3. Bond protection strengthened on Ohio P3s – Public-Private Partnerships.

The funding of construction projects for public use through public-private partnerships (known as P3s) is increasing at all levels, including on federal and federally-funded projects. Typically, the public entity will provide the land and authorize the private entity to design, build and frequently operate the resulting public work. In trying to maximize the incentives for the participation of private investment in P3 projects, federal agencies, as well as state and local governments using federal funds to help finance construction, try to minimize government “red tape.” The zeal to reduce “red tape” and minimize costs has damaging consequences, however, when it eliminates traditional requirements related to public procurement, such as the statutory payment protections for work performed, provided by the federal Miller Act and state and local so-called “little Miller Acts,” enacted by all the states, including Ohio.

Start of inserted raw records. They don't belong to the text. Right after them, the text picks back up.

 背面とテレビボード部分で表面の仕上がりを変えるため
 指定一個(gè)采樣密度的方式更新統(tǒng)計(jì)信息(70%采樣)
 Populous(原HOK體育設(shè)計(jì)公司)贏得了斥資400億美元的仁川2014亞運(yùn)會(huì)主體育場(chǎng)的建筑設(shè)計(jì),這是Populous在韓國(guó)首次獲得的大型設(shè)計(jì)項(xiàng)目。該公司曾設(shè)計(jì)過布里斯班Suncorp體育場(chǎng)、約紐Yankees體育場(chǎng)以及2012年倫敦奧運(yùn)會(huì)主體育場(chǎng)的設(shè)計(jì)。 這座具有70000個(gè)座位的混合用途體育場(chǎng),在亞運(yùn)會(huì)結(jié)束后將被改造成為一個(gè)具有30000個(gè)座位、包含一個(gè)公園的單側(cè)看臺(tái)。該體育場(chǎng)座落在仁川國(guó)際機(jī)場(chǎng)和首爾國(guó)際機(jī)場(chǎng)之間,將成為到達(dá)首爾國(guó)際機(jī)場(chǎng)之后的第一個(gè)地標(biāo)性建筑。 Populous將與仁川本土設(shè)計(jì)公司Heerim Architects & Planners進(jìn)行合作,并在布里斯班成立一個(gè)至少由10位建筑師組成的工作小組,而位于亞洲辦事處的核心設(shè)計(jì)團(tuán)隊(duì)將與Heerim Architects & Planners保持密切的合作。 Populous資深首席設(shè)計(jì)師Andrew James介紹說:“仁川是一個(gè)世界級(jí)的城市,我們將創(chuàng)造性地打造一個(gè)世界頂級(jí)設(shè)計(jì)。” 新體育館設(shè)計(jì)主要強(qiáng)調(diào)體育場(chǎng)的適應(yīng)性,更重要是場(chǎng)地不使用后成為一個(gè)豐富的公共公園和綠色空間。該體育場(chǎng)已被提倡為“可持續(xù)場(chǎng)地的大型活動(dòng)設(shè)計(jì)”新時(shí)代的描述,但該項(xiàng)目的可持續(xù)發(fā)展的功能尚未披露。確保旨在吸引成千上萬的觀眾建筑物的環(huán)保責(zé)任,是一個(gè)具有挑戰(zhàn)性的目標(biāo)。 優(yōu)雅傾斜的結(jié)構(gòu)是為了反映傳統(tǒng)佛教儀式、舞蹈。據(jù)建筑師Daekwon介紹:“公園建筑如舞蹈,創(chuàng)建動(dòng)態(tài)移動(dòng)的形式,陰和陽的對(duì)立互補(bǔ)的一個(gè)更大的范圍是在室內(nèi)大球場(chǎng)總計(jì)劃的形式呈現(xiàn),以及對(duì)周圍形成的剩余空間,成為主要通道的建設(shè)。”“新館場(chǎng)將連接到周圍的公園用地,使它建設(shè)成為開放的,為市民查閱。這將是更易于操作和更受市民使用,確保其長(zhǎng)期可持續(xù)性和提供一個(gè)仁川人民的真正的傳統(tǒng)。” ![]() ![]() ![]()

The Ohio General Assembly has authorized ODOT to enter into P3s with private entities after soliciting proposals. Fortunately, ODOT is statutorily obligated to require that the public-private agreement include a (1) contract performance bond and (2) payment bond pursuant to R.C. §5501.73(B). In 2015 that statute was clarified to require bonding of the entire “construction services” portion of any such P3 job.

Those providing labor or material to other P3 projects should not necessarily conclude that the work is protected by a payment bond in the usual public fashion. Further investigation is recommended on such projects if ODOT is not involved.